Mo Asajad was not far behind.
As he exited into another small antechamber, he paused to cast an acid barrier over the stairwell entrance. Turning, he stepped up to the far wall and pressed a hand to its maze pattern. The outline of a door appeared instantly. But even as he made to push the door open, a voice spoke from behind him.
‘You’re a fool, Hamir.’
Lady Asajad had reached the bottom of the stairs. Her face was cold and calm as she pressed a hand to the barrier of acid. Already, the magic was diminishing.
‘You could have had all that you crave,’ she hissed. ‘But now the side you have
chosen is quite obvious, and –’ she grinned with long white teeth – ‘I suspect the blood of a necromancer will taste sweeter than any other.’
‘Hmm.’ Hamir pushed open the door, and the Genii could only snarl after him as he slipped into the Last and Lowest Chamber of the Nightshade.
Clara had never realised that such a grand but miserable place existed beneath the streets of her home. She supposed she should have felt astonished and repulsed in equal measures as she traipsed through this dank and slimy world. But the truth was, she felt nothing for her environment. Her mind could focus only on her simmering anger, which her every thought seemed to fuel. Not even her medicine could abate the heat inside her.
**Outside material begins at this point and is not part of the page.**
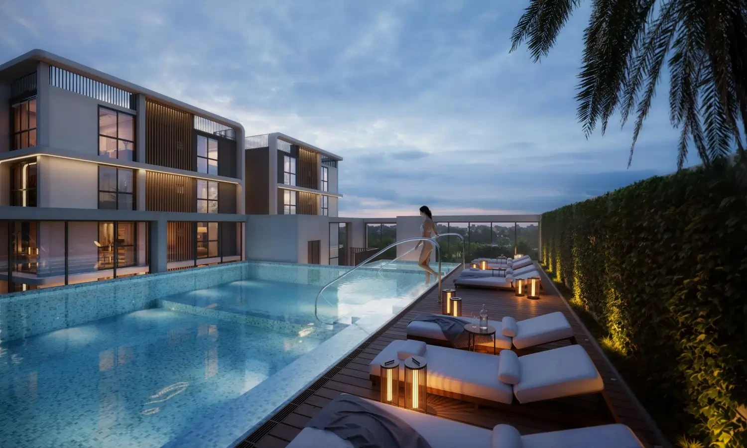· Enjoy 1,571 sq ft of dedicated rooftop swimming pool area with relaxing and rejuvenating poolside amenities.
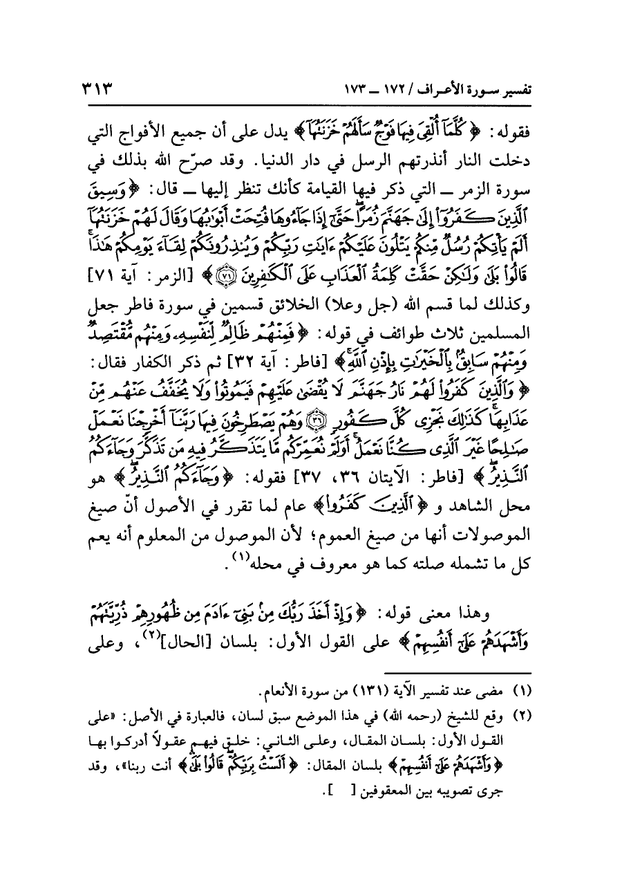 وقد صرّح الله بذلك في سورة الزمر - التي ذكر فيها القيامة كأنك تنظر إليها- قال: {وَسِيقَ الَّذِينَ كَفَرُوا إِلَى جَهَنَّمَ زُمَرًا حَتَّى إِذَا جَاءُوهَا فُتِحَتْ أَبْوَابُهَا وَقَالَ لَهُمْ خَزَنَتُهَا أَلَمْ يَأْتِكُمْ رُسُلٌ مِّنكُمْ يَتْلُونَ عَلَيْكُمْ آيَاتِ رَبِّكُمْ وَيُنذِرُونَكُمْ لِقَاء يَوْمِكُمْ هَذَا قَالُوا بَلَى وَلَكِنْ حَقَّتْ كَلِمَةُ الْعَذَابِ عَلَى الْكَافِرِينَ (٧١)} [الزمر: آية ٧١] وكذلك لما قسم الله (جل وعلا) الخلائق قسمين في سورة فاطر جعل المسلمين ثلاث طوائف في قوله: {فَمِنْهُمْ ظَالِمٌ لِّنَفْسِهِ وَمِنْهُم مُّقْتَصِدٌ وَمِنْهُمْ سَابِقٌ بِالْخَيْرَاتِ بِإِذْنِ اللَّهِ} [فاطر: آية ٣٢] ثم ذكر الكفار فقال: {وَالَّذِينَ كَفَرُوا لَهُمْ نَارُ جَهَنَّمَ لَا يُقْضَى عَلَيْهِمْ فَيَمُوتُوا وَلَا يُخَفَّفُ عَنْهُم مِّنْ عَذَابِهَا كَذَلِكَ نَجْزِي كُلَّ كَفُورٍ (٣٦) وَهُمْ يَصْطَرِخُونَ فِيهَا رَبَّنَا أَخْرِجْنَا نَعْمَلْ صَالِحًا غَيْرَ الَّذِي كُنَّا نَعْمَلُ أَوَلَمْ نُعَمِّرْكُم مَّا يَتَذَكَّرُ فِيهِ مَن تَذَكَّرَ وَجَاءكُمُ النَّذِيرُ} [فاطر: الآيتان ٣٦، ٣٧] فقوله: {وَجَاءكُمُ النَّذِيرُ} هو محل الشاهد و {وَالَّذِينَ كَفَرُوا} عام لما تَقَرَّر في الأصول أنّ صيغ الموصولات أنها من صيغ العموم؛ لأن الموصول من المعلوم أنه يعم كل ما تشمله صلته كما هو معروف في محله (¬١).

She stared at the two skeletons lying on the walkway beside the river. Stripped of flesh, the white bones were charred and blackened.
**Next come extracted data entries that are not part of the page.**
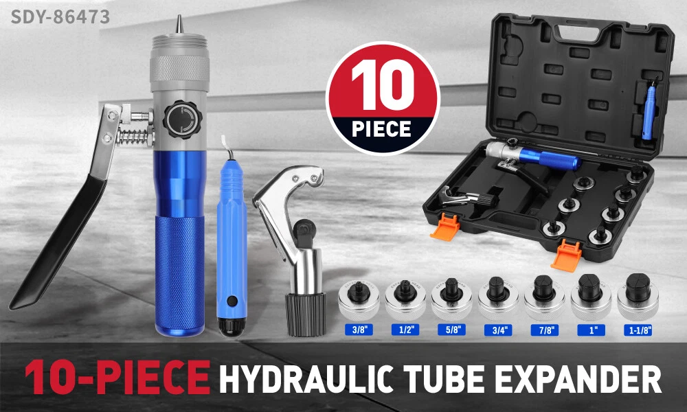 All-in-One Versatile Kit: Our hvac tube expander kit includes 1 hydraulic tube expander, 1 deburring tool, 1 pipe cutter, 7 stainless steel expansion heads and 1 storage case. Necessary tools are all ready to handle different types of pipe connections.
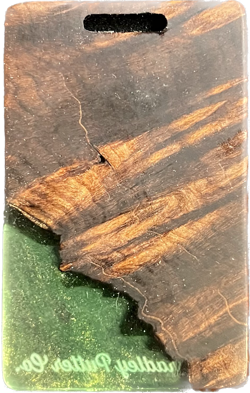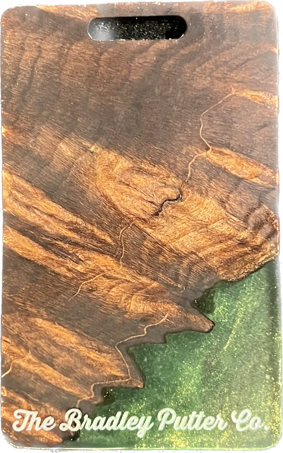Add a splash of color to your golf bag with a Bradley bag tag. During the putter manufacturing process, there are often small pieces removed from the wood block during the shaping. These are then cut down to size, laser engraved to shape, and sanded by hand to remove the black scorch marks from the laser. They are then polished with a UV coating, and are now ready for your personalization. You are purchasing this exact piece, not one that will just look like it. Customize it further with your name, and even add a small single color image on the back.
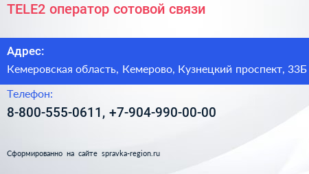 TELE2, оператор сотовой связи по адресу Кемеровская область, Кемерово, Кузнецкий проспект, 33Б в дальнейшем Организация, размещена в следующих категориях:
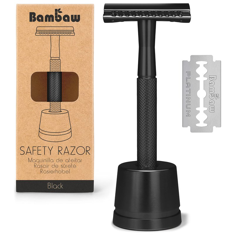 Bambaw Double Edge Safety Razor, Single Blade Razor for Men with Razor Stand, Men's Safety Shaving Razors – Black
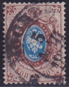 Типография, вертикальный водяной знак. Перф. Рам. 14 1/2 : 15. Календарный штемпель " Москва 5 мая 187... ". Разбит рисунок в правом верхнем углу.
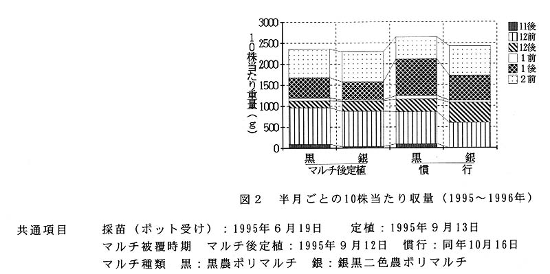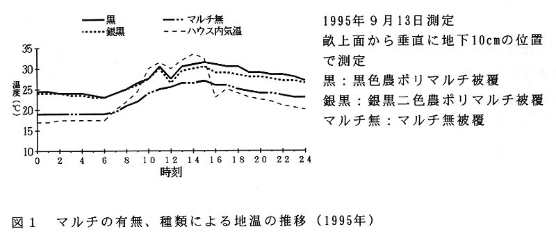 マルチの種類による差については、銀黒二色農ポリマルチの方が黒農ポリマルチより定植直後の地温がやや低いが、収穫開始時期、収量ともやや劣る(

‘Do you think one of them is Samuel?’ she asked; her voice was neutral.
‘Perhaps,’ Van Bam replied.
The ex-Resident crouched at the edge of the walkway, facing down into the river. The ruins of two golems lay in the shallow water, raw sewage flowing around them. Atop one pile of grey and broken stone sat an empty terracotta jar.
‘That’s three of them,’ Clara said. ‘Well – three that we know of. How many more friends do you think Fabian Moor has?’
Van Bam didn’t reply and continued to gaze at the golems as though lost in contemplation. But Clara knew that he was feeling lost; that he had run out of ideas and hopelessness had entered his soul. She could smell it on him, and the scent disgusted her more than that of the sewers.
It had been the sound of Samuel’s fire-bullet that brought them to this area. The soft thunder of the impact had been quickly followed by a low roar that seemed to rock the stiff atmosphere and suck the moisture from the air. Van Bam said it was the sound of a fireball. Had Samuel died in the blast he had created? Did one of the blackened skeletons belong to the old bounty hunter? But a fireball wouldn’t strip flesh from bone so completely. These skeletons must have been the food source the new Genii had devoured to reanimate itself once released from the terracotta jar.